§ HOW TO COMPLETE THIS TASK
Among the lines below, output only those between the line holding "Informational and analytical" and the line holding "April Meeting Refreshment Time", inclusive, exactly as written and with no pictures.

§ DATA FOR THE TASK
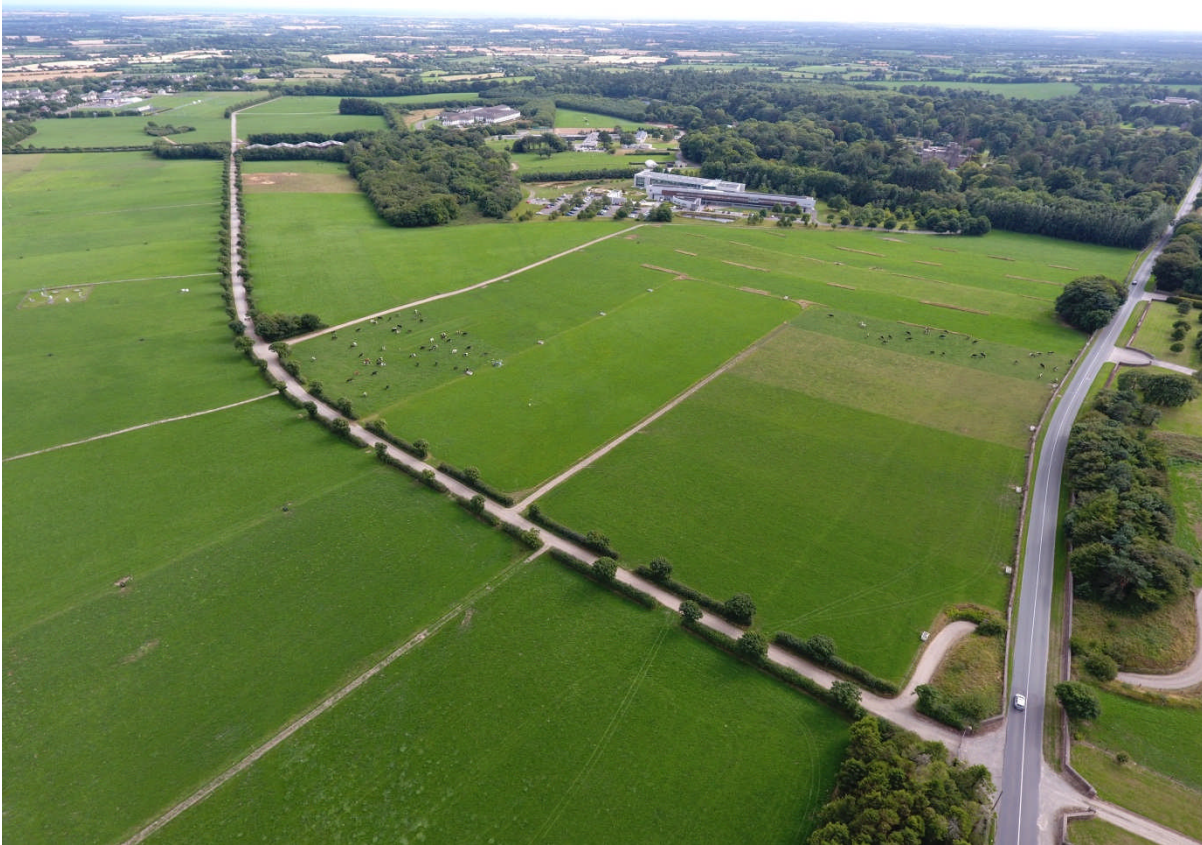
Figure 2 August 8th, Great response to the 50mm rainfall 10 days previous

...

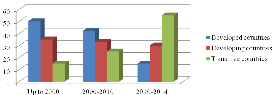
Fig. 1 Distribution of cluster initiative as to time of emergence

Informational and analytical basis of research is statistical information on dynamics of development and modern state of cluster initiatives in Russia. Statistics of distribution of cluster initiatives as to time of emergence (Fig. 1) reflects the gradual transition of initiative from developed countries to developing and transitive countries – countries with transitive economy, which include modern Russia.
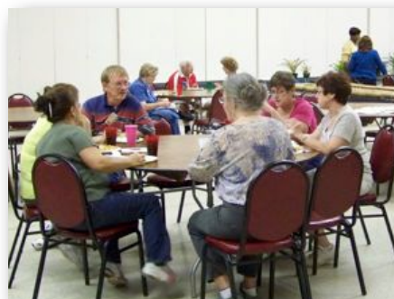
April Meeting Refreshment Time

§ PROBLEM SOLUTION
Informational and analytical basis of research is statistical information on dynamics of development and modern state of cluster initiatives in Russia. Statistics of distribution of cluster initiatives as to time of emergence (Fig. 1) reflects the gradual transition of initiative from developed countries to developing and transitive countries – countries with transitive economy, which include modern Russia.
April Meeting Refreshment Time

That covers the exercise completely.